TRIBUNNEWS.COM - Pemerintah Bahrain resmi mencabut kewarganegaraan 69 orang karena diduga mendukung serangan Iran dan bersekongkol dengan pihak asing.
Al Jazeera melaporkan, Kementerian Dalam Negeri Bahrain menyebut mereka telah “memuliakan atau bersimpati terhadap tindakan permusuhan Iran” serta menjalin kontak dengan entitas asing yang dianggap membahayakan keamanan nasional.
Jumlah tersebut mencakup para tersangka beserta anggota keluarga mereka, dan pemerintah menyatakan seluruhnya bukan warga asli Bahrain.
Reuters juga melaporkan bahwa langkah ini diambil setelah otoritas menilai dukungan terhadap Iran selama konflik regional sebagai ancaman langsung terhadap stabilitas negara.
Raja Hamad Keluarkan Arahan Langsung
Pencabutan kewarganegaraan dilakukan berdasarkan arahan langsung Raja Hamad bin Isa Al Khalifa.
The Jerusalem Post melaporkan, Raja Hamad memerintahkan Putra Mahkota sekaligus Perdana Menteri Salman bin Hamad untuk meninjau status kewarganegaraan mereka yang dinilai tidak loyal kepada kerajaan.

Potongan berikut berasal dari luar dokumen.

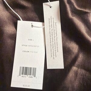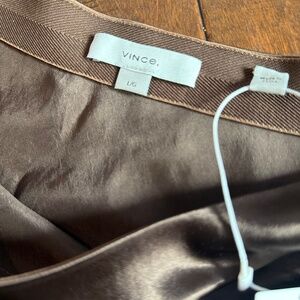 πHPπ Vince NWT short mini original satin brown bronze with gold/olive undertones slip skirt L Large. Elastic waist Flattering hang. According to the tag the color of this is called clove. Because the fabric looks SO different in different lighting I found the closest one for the model pic- and it could be the correct color! But more to show the fit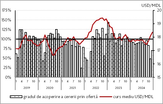 În luna decembrie 2024, gradul de acoperire a cererii nete de valută din partea agenților economici prin oferta netă de valută de la persoanele fizice1 a constituit 69,9% comparativ cu 48,3% în luna noiembrie 2024.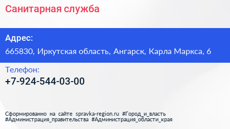 Санитарная служба по адресу 665830, Иркутская область, Ангарск, Карла Маркса, 6 в дальнейшем Организация, размещена в следующих категориях: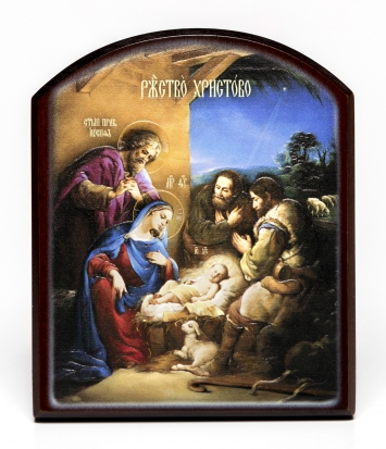 Икона на доске 10х12 объёмная печать, арочная, лак Рождество Христово 2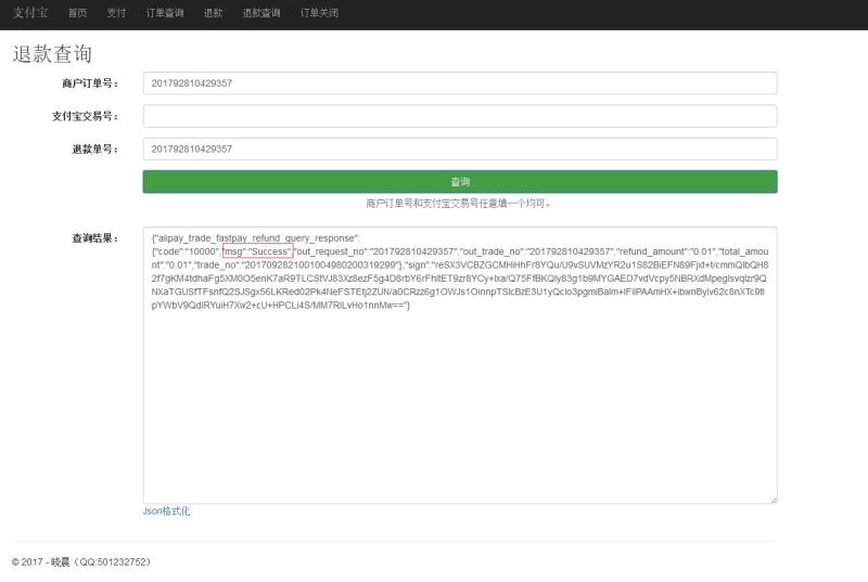 public JsonResult RefundQuery(string tradeno,string alipayTradeNo,string refundNo)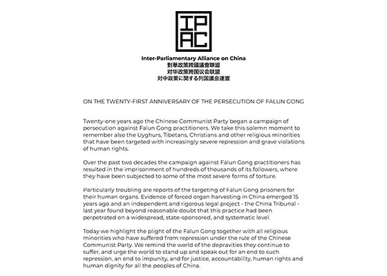 正值中共迫害法轮功21年之际,由十几个民主国家的上百位议员组成的“对华政策跨国议会联盟”7月19日在推特上发表声明,敦促世界各国为结束迫害发声。

Langkah tersebut mengacu pada Pasal 10/3 Undang-Undang Kewarganegaraan Bahrain yang memungkinkan pencabutan status warga jika seseorang dianggap merugikan kepentingan kerajaan atau melanggar kewajiban loyalitas terhadap negara.
Pemerintah menegaskan bahwa tindakan ini merupakan bentuk perlindungan terhadap keamanan nasional di tengah meningkatnya ancaman kawasan.

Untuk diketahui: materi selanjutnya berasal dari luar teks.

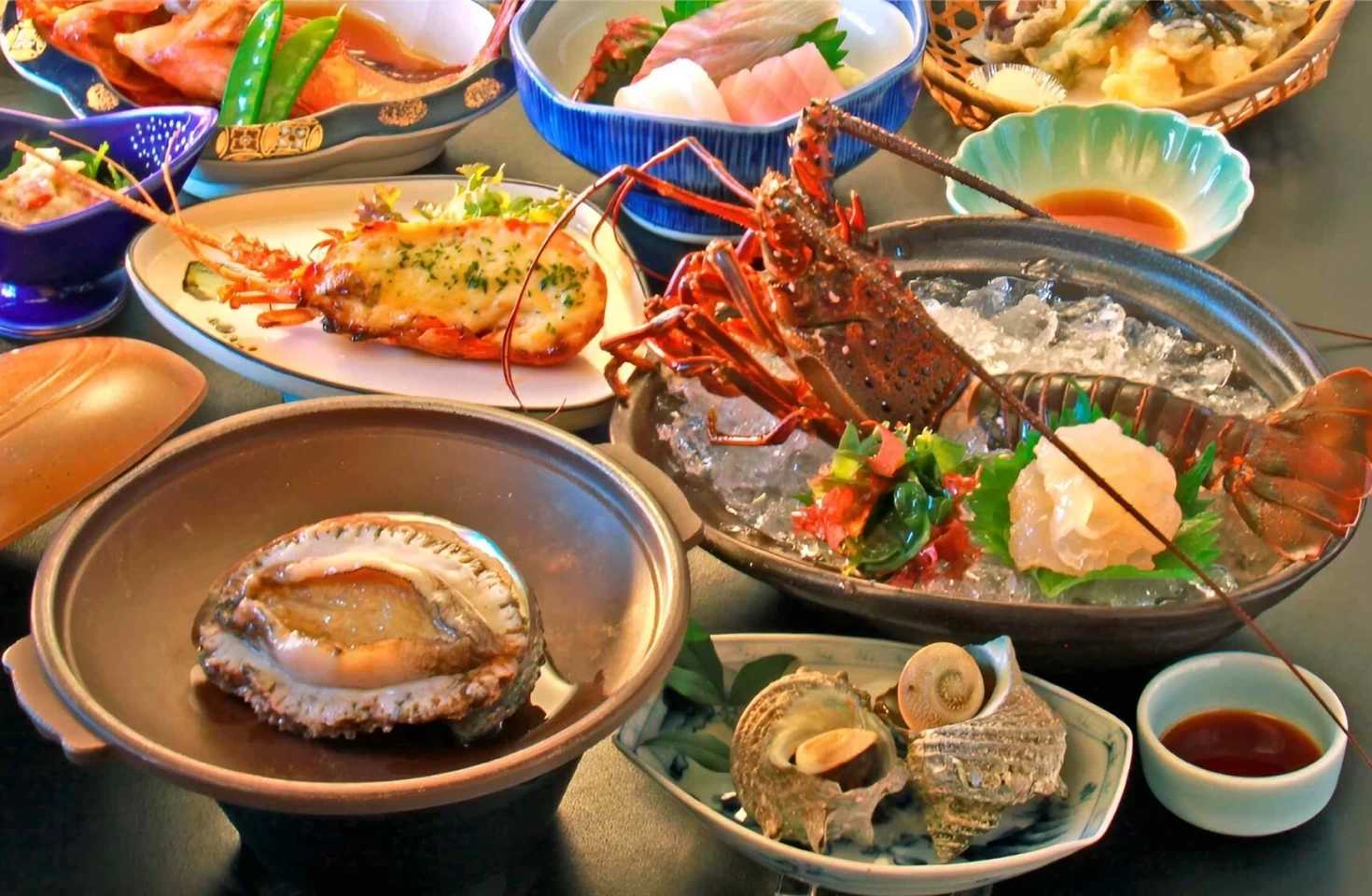 海女と漁師の町ならではの海の幸と「社宮司温泉(しゃぐうじおんせん)」が堪能できる「リゾートヒルズ豊浜 蒼空(そうくう)の風」。露天風呂付きの客室など、全9タイプの部屋があり、滞在スタイルに合わせられます。また、ロビーも疲れを癒やせる空間で、ハンモック・フィッシュエステなどが利用可能です。お風呂では、昼は太平洋、夜は星空を一望できます。伊勢志摩ならではの、目と舌で味わえる会席料理は絶品です。

Baca juga: Iran Tawarkan Kesepakatan Akhiri Blokade Hormuz Tanpa Bahas Nuklir, Trump Belum Luluh
Serangan Iran Jadi Pemicu
Keputusan ini muncul setelah Iran melancarkan serangan rudal dan drone ke sejumlah negara Teluk, termasuk Bahrain, sebagai balasan atas serangan gabungan Amerika Serikat dan Israel terhadap Teheran sejak akhir Februari 2026.
Reuters menyebut Bahrain menjadi target penting karena menjadi lokasi pangkalan Armada Kelima Angkatan Laut Amerika Serikat di kawasan Teluk.

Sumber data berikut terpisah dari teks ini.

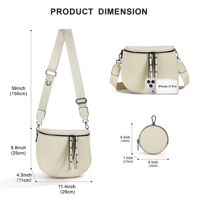 Features a main zipper compartment + interior pockets + rear secure pocket → neatly stores your phone, wallet, keys, and even a small water bottle.No more digging around—everything has its place, ready the moment you need it.

Serangan tersebut disebut menyebabkan kerusakan pada sejumlah fasilitas strategis dan meningkatkan kewaspadaan militer Bahrain.
Pemerintah Bahrain menilai dukungan terhadap Iran di tengah konflik tersebut sebagai bentuk pengkhianatan dan ancaman serius terhadap stabilitas nasional.
Kritik dari Kelompok HAM
Langkah keras ini mendapat sorotan tajam dari kelompok hak asasi manusia.
Al Jazeera melaporkan, Bahrain Institute for Rights and Democracy yang berbasis di London menyebut pencabutan kewarganegaraan itu sebagai tindakan berbahaya dan pelanggaran nyata terhadap hukum internasional.
Mereka menilai pemerintah tidak transparan karena identitas para individu tidak dipublikasikan, serta belum jelas apakah mereka telah ditahan atau memiliki kewarganegaraan lain.